Ceph Performance within VMs on Crucial MX500

holr

Well-Known Member
Jan 4, 2019
33
1
48
54
Hello,
I think I have not set up things correctly on my 4 node proxmox-with-ceph cluster. I'm using consumer Crucial MS500 SSDs on HP DL380 Gen9 servers (1tb ram). Seven 2TB hard drives are set up as individual raid 0 (I couldn't find a pure HBA option in the server config) drives for ceph, with one 2TB SSD in each server for the Proxmox OS. Total 28 2TB MX500 for Ceph.
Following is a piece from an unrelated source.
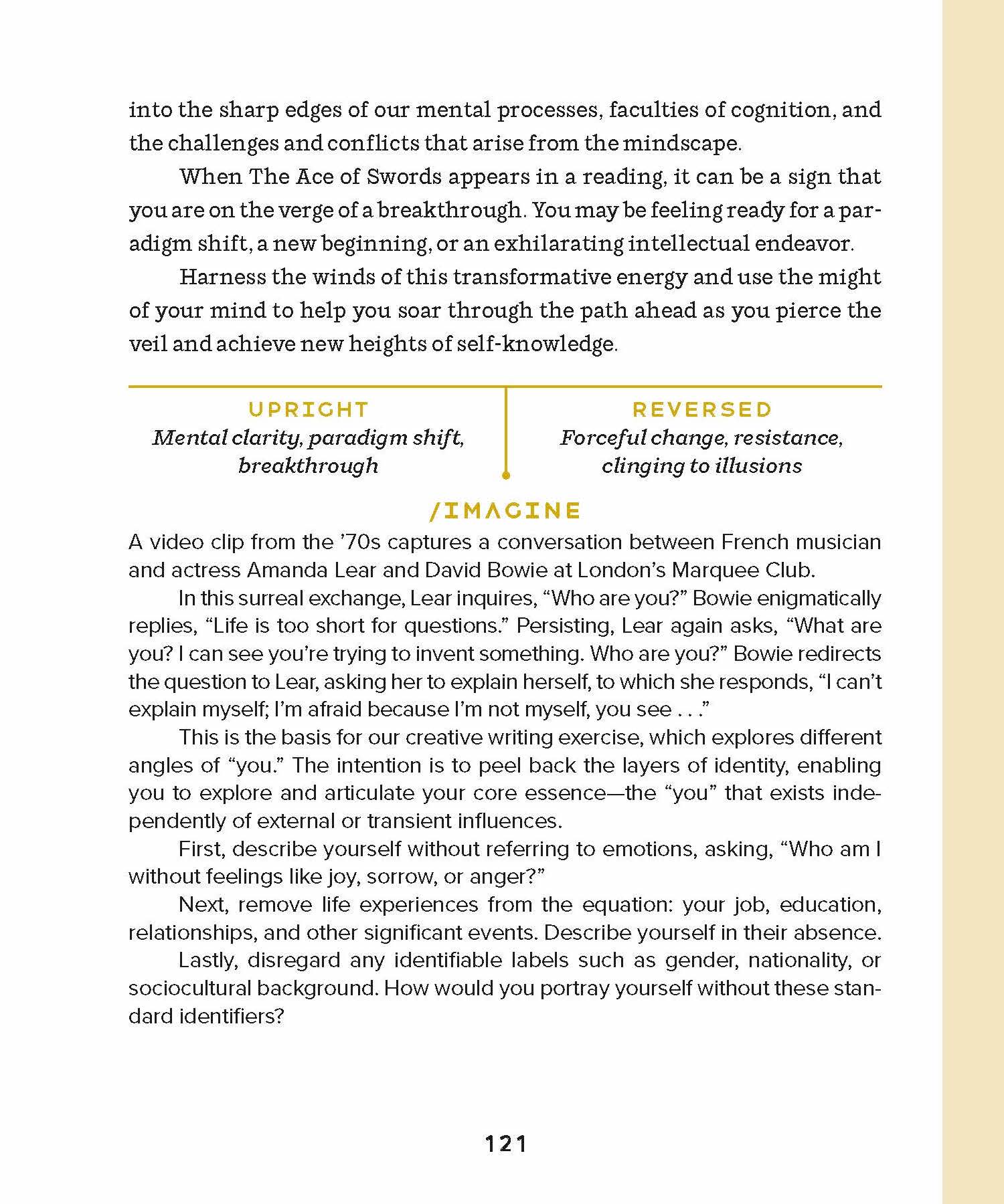 • Fully illustrated guidebook. The full-color guidebook includes images of each card, alongside card descriptions and tailored prompts, as well as sample card spreads to guide your practice.

Ceph runs on a dedicated 40Gbps network, Proxmox runs on a 10Gbps network.

I ran some benchmarks using crystaldisk mark in a windows 10 vm, moving it to the Proxmox OS SSD LVM (left, in the attached image), then moving it to the Ceph cluster and rerunning (right in the attached image). Whilst I know the Crucial MX500 are not the best choice for a server setup, and that there is naturally a degrading of virtual hard drive performance from a fixed disk LVM to Ceph cluster, are the vast differences in speed to be expected?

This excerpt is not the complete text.